前記溶媒の使用量は、特に限定されるものではないが、スルフィド化合物１００重量部に対して、１００〜５０００重量部であることが好ましい。

かくして得られるスルホン化合物は、必要に応じて水洗、分液した後、蒸留することにより単離することができる。

本発明のスルホン化合物は、例えば、電解質溶媒等の電気化学デバイス用溶媒に好適に使用することができる。
上記電気化学デバイスとしては、例えば、リチウム一次電池、リチウム二次電池、リチウムイオン電池、燃料電池、太陽電池、電気二重層コンデンサ等が挙げられる。
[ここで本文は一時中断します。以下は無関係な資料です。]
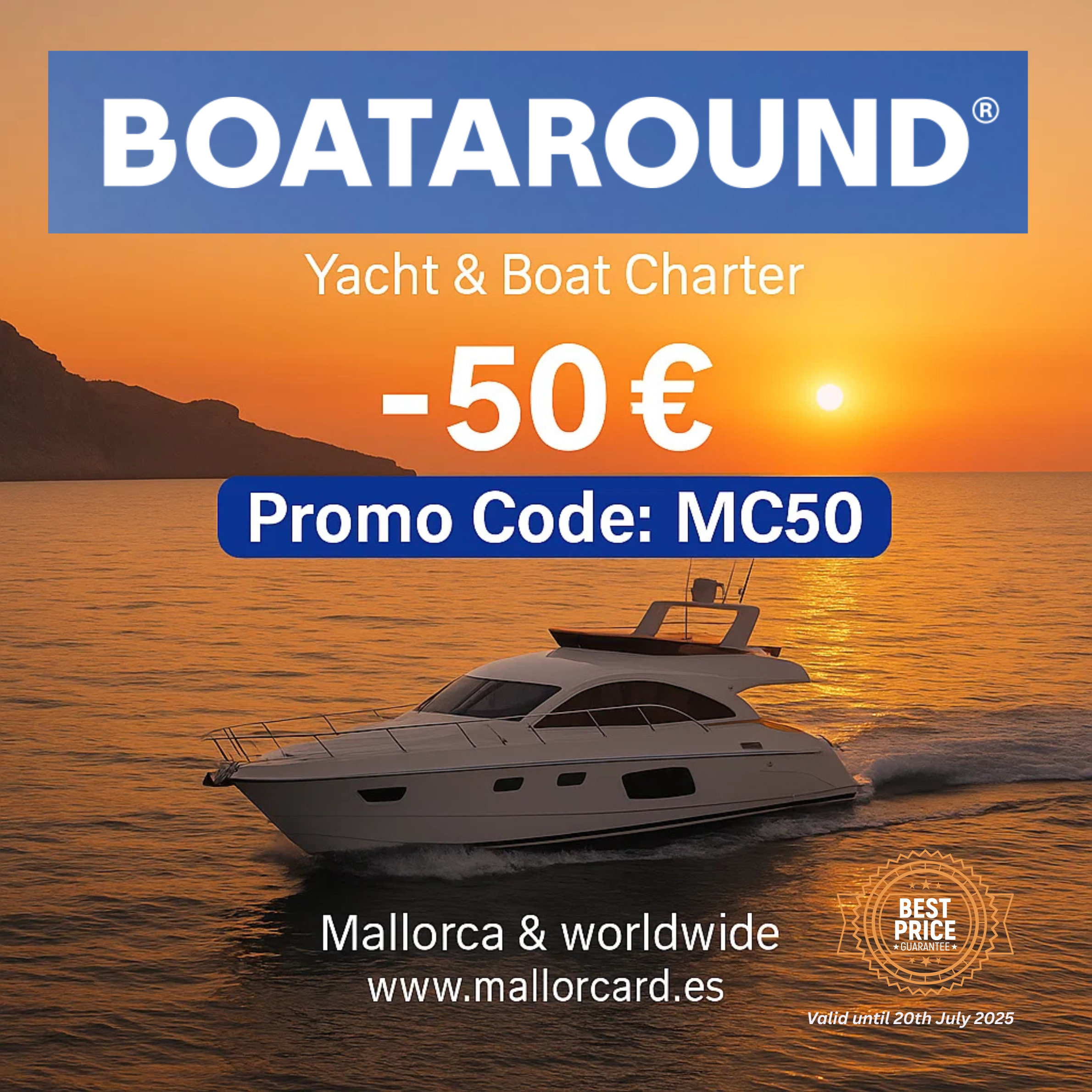 🚤 Exclusive Offer [extended until the beginning of November]: Enjoy 50 Euro off your yacht or boat rental at Boataround using Promo Code MC50 at checkout! Boataround offers a Best Price Guarantee, meaning if you find a cheaper offer elsewhere, Boataround will beat that price. Plus, with Mallorcard’s Boataround promo code MC50, you’ll receive an additional 50 Euro discount, ensuring the best possible value for your Mallorca yacht charter.

本発明のスルホン化合物は、水の溶解度が低いという特徴を有する。これにより、上記電気化学デバイス用溶媒に用いた場合、水の混入を抑制することができ、電流効率の低下や、内圧上昇等の発生を防止することができる。
また、本発明のスルホン化合物は、融点が比較的低く、熱的安定性に優れることから、低温から高温まで広い温度範囲で安全に使用することができる。
更に、本発明のスルホン化合物は、粘度が低いことから、電解質のイオン導電性を大幅に高めることができ、高い電気特性を実現することができる。

本発明のスルホン化合物は、融点が比較的低く、熱的安定性に優れたものであり、且つ、水の溶解度の低い非プロトン性極性溶媒であることから、主に電気化学デバイス用溶媒として有用である。

以下に実施例を挙げ、本発明をさらに具体的に説明するが、本発明はこれらの実施例により何ら限定されるものではない。

実施例１［メチル２−エチルヘキシルスルホンの合成（ＭＥＨＳ）］
攪拌機、温度計および冷却器を備え付けた５００ｍＬ容の四つ口フラスコに窒素雰囲気下で、３−（クロロメチル）ヘプタン７４．４ｇ（０．５０ｍｏｌ）を仕込み、２８％メチルメルカプタンナトリウム水溶液１８７．８ｇ（０．７５ｍｏｌ）を徐々に加え、６０℃に維持して２時間攪拌した。これにジクロロメタン５０ｍｌを加え１０分撹拌した後、ジクロロメタン層を分取し、超純水３０ｍＬで１回洗浄した。得られたジクロロメタン層に３５％過酸化水素水１０２．０ｇ（１．０５ｍｏｌ）を加え、６０℃に維持して２時間攪拌し、ジクロロメタン層を蒸留することにより無色透明液体のメチル２−エチルヘキシルスルホン８６．５ｇを得た。得られたメチル２−エチルヘキシルスルホンの収率は、３−（クロロメチル）ヘプタンに対して９０％であった。

得られたメチル２−エチルヘキシルスルホンの融点および発熱開始温度について、窒素雰囲気下、示差走査熱量計を用いて測定した。さらに、水の溶解度について、カールフィッシャー電量滴定装置を用いて、水を飽和溶解させた当該スルホン化合物の水分量を測定することにより求めた。

なお、得られたメチル２−エチルヘキシルスルホンは、下記の物性を有することから同定することができた。

^１−Ｈ−ＮＭＲ（４００ＭＨｚ，溶媒：ＣＤＣｌ_３）：０．９２（ｍ，６Ｈ），１．３０（ｍ，３Ｈ），１．５２（ｍ，４Ｈ），２．０６（ｍ，２Ｈ），２．９１（Ｓ，３Ｈ），２．９５（ｄ，Ｊ＝５．９Ｈｚ，２Ｈ）
元素分析：Ｃ５６．２；Ｈ１０．５；Ｓ１６．７（計算値Ｃ５６．２；Ｈ１０．２；Ｓ１６．７）
実施例１における融点、発熱開始温度および水の溶解度の測定結果を、比較例１としてのプロピレンカーボネート、比較例２としてのスルホランとともに表１に示す。

本発明によれば、主に電気化学デバイス用溶媒等に有用な融点が比較的低く、熱的安定性に優れた非プロトン性極性溶媒を提供することができる。

Claims

下記式（１）において、Ｒ^１が２−エチルヘキシル基であるスルホン化合物。